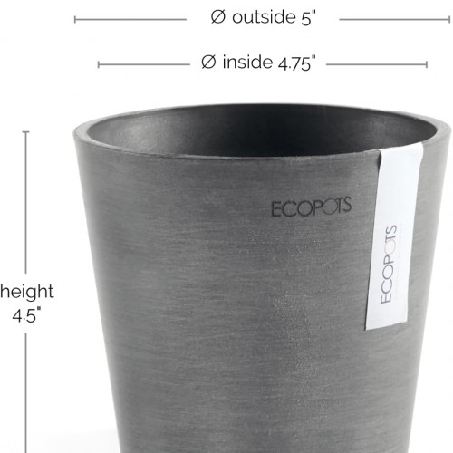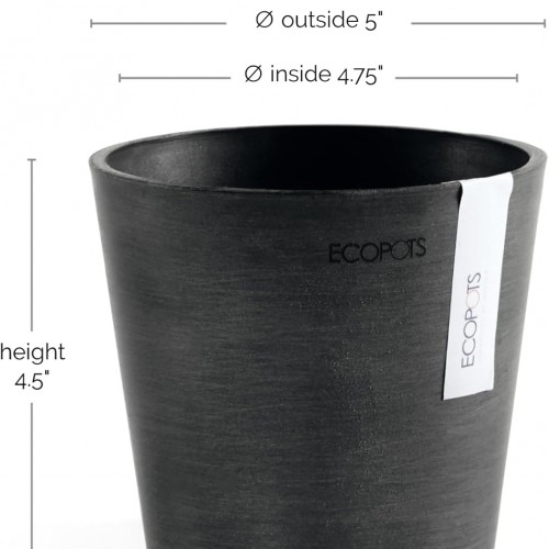 Ecopots Amsterdam Mini Durable Modern Round Recycled-Based Composite Flower Pot Planter, Grey, 5″
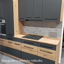 Kolekce moderní kuchyňské linky Infinity v atraktivní kombinaci dřevěného dekoru artisan a šedé mat přináší exkluzivní a nejmodernější skříňky do kuchyně. Kuchyňský nábytek Infinity vytvoří příjemné a elegantní prostředí, ve kterém budete s radostí vařit. Modulová kuchyňská linka Infinity nabízí různé horní skříňky, spodní skříňky, vysoké skříňky a další doplňkový sortiment.
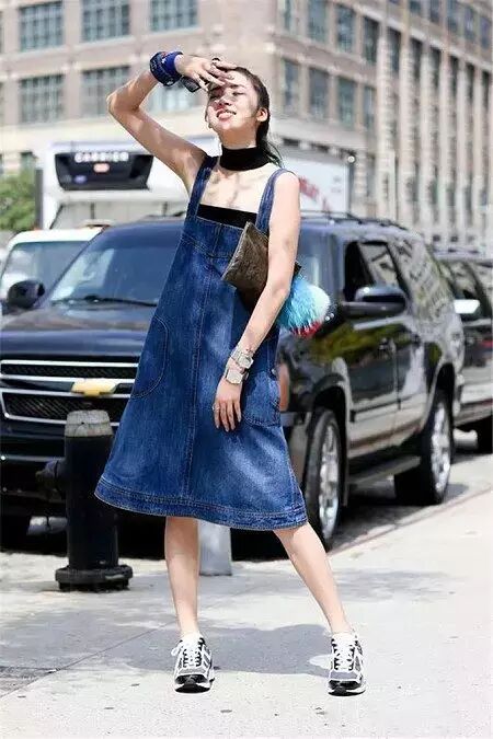 特别强调:背带裙从来都不适合胸大的女生,会让你看起来胖了一圈。
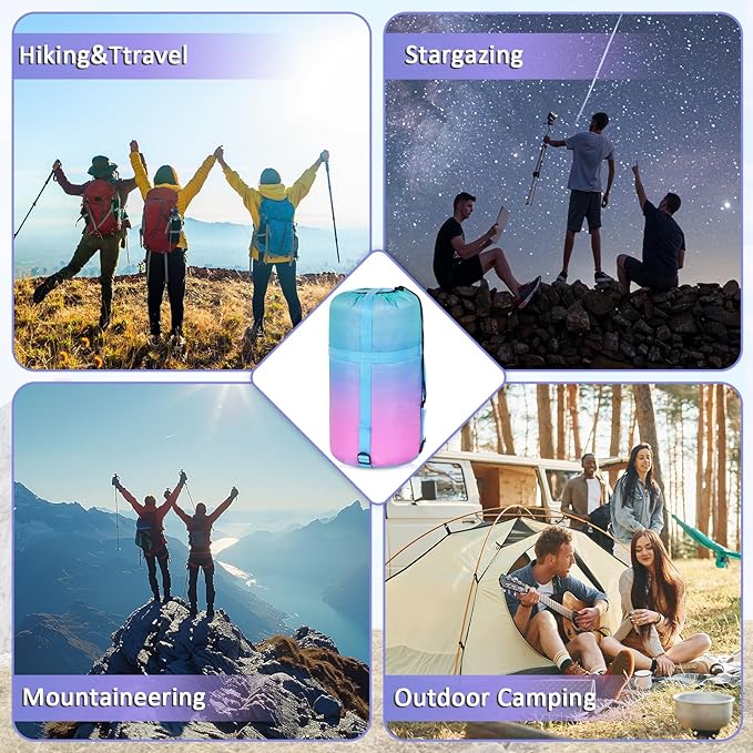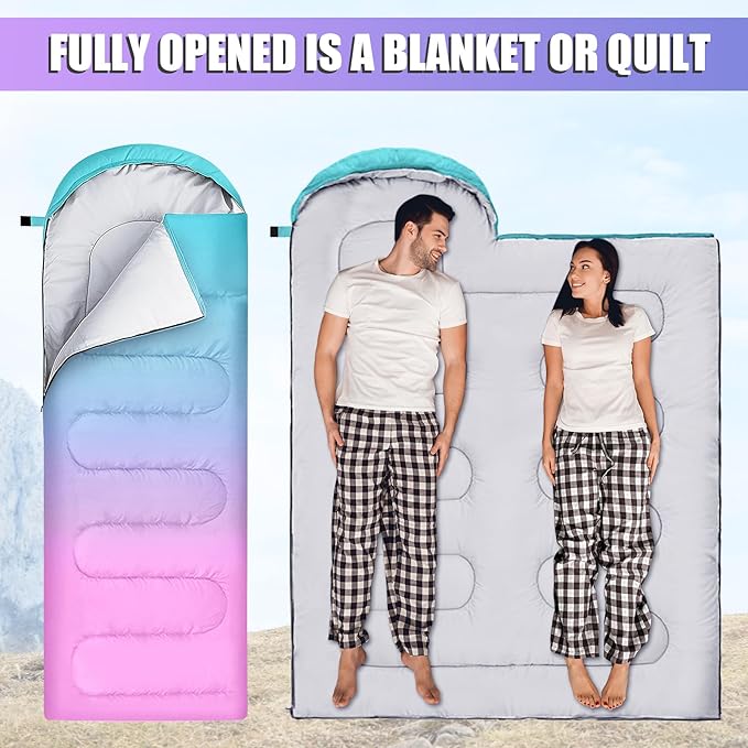 - Thoughtful Design: This sleeping bags for adults is closed from the side to the bottom with a zipper, and is equipped with a drawstring and Velcro to protect against wind and cold, and can also be fully opened to be used as a blanket for picnics or playing, commonly used in outdoor camping, hiking, backpacking, tents and indoor rooms
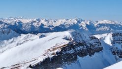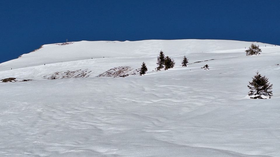 Tragende Schneedecke bis hinauf. An 10.00 h schon aufgefirnt. Bis zur Ragazalpe schöner Firn. Danach von sehr weich in der Sonne bis sehr hart im Schatten.
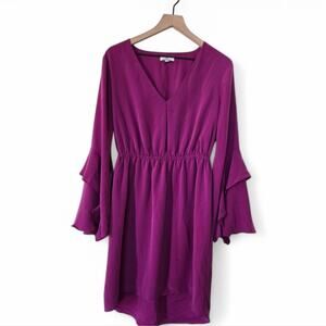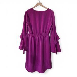 Halston Fuchsia Bell Sleeve V-Neck Dress Size Medium
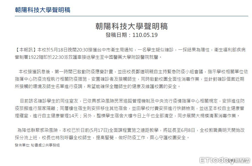 台中朝陽科技大學驚傳有學生確診,校方也隨後發出聲明稿,5月18日晚間20:30接獲台中市衛生局通知,一名學生疑似確診,一採結果為陽性,衛生福利部疾病管制署1922隨即於22:30派救護車接送學生至中國醫藥大學附設醫院就醫。
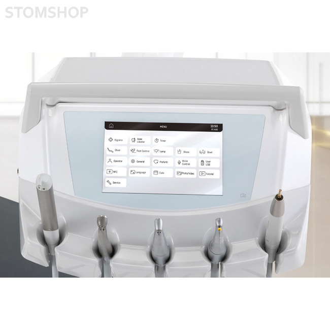Полностью сенсорная консоль с 7-дюймовым мультитач-дисплеем обеспечивает удобное управление функциями стоматологической установки. Врачи могут легко регулировать параметры инструментов, устанавливая индивидуальные настройки, и контролировать работу систем гигиены. Интегрированное программное обеспечение настроено для управления функциями установки при проведении работ по эндодонтии, имплантологии и консервативном лечении. Пользователи также могут просматривать на экране изображения, рентгеновские снимки и видеоуроки.
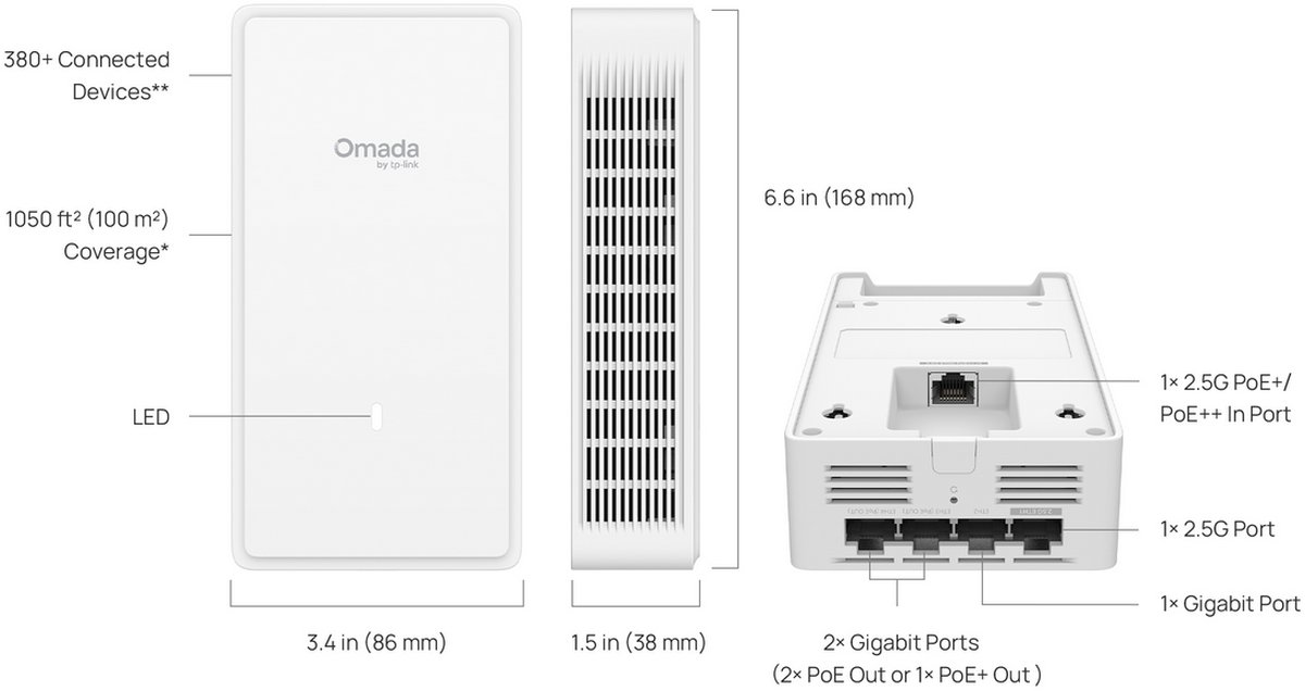 - (2) 2.5G ports (1× PoE+/PoE++ In) + (3) Gigabit ports (2× PoE Out or 1× PoE+ Out).
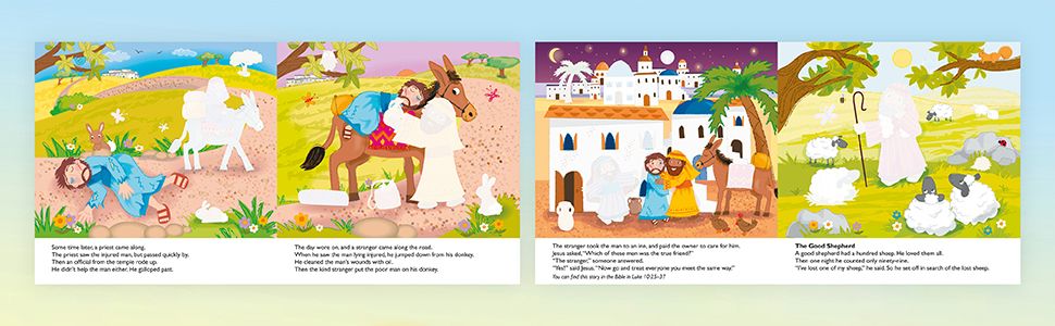 A charming re-telling of three best-loved Bible stories: The Good Stranger, The Good Shepherd and The Lost Son with clear and simple text and bright colourful stickers.
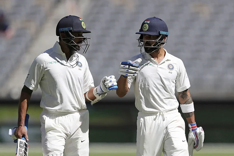 Agarwal provided the base with a confident half-century before Kohli and Pujara steered India to a solid score. Agarwal, drafted into the squad following the failure of KL Rahul and Murali Vijay, responded with a 76-run knock off balls, sorting out India's opening woes to some extent.
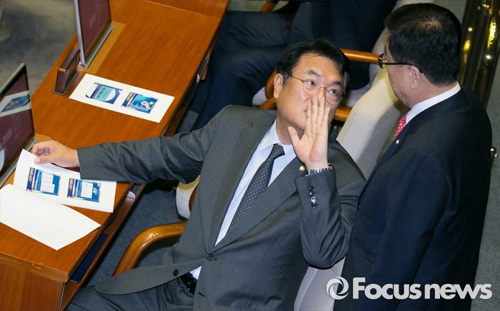 (서울=포커스뉴스) 13일 오후 서울 여의도 국회에서 상임위원장 선출을 위해 열린 343회 국회(임시회) 2차 본회의에 참석한 정진석(왼쪽) 새누리당 원내대표와 김광림 정책위의장이 대화하고 있다.

##########

Your objective: Reproduce the material above exactly, first line through the line that contains "特别强调:背带裙从来都不适合胸大的女生,会让你看起来胖了一圈。", minus the pictures.

Reply:
 Ecopots Amsterdam Mini Durable Modern Round Recycled-Based Composite Flower Pot Planter, Grey, 5″
 Kolekce moderní kuchyňské linky Infinity v atraktivní kombinaci dřevěného dekoru artisan a šedé mat přináší exkluzivní a nejmodernější skříňky do kuchyně. Kuchyňský nábytek Infinity vytvoří příjemné a elegantní prostředí, ve kterém budete s radostí vařit. Modulová kuchyňská linka Infinity nabízí různé horní skříňky, spodní skříňky, vysoké skříňky a další doplňkový sortiment.
 特别强调:背带裙从来都不适合胸大的女生,会让你看起来胖了一圈。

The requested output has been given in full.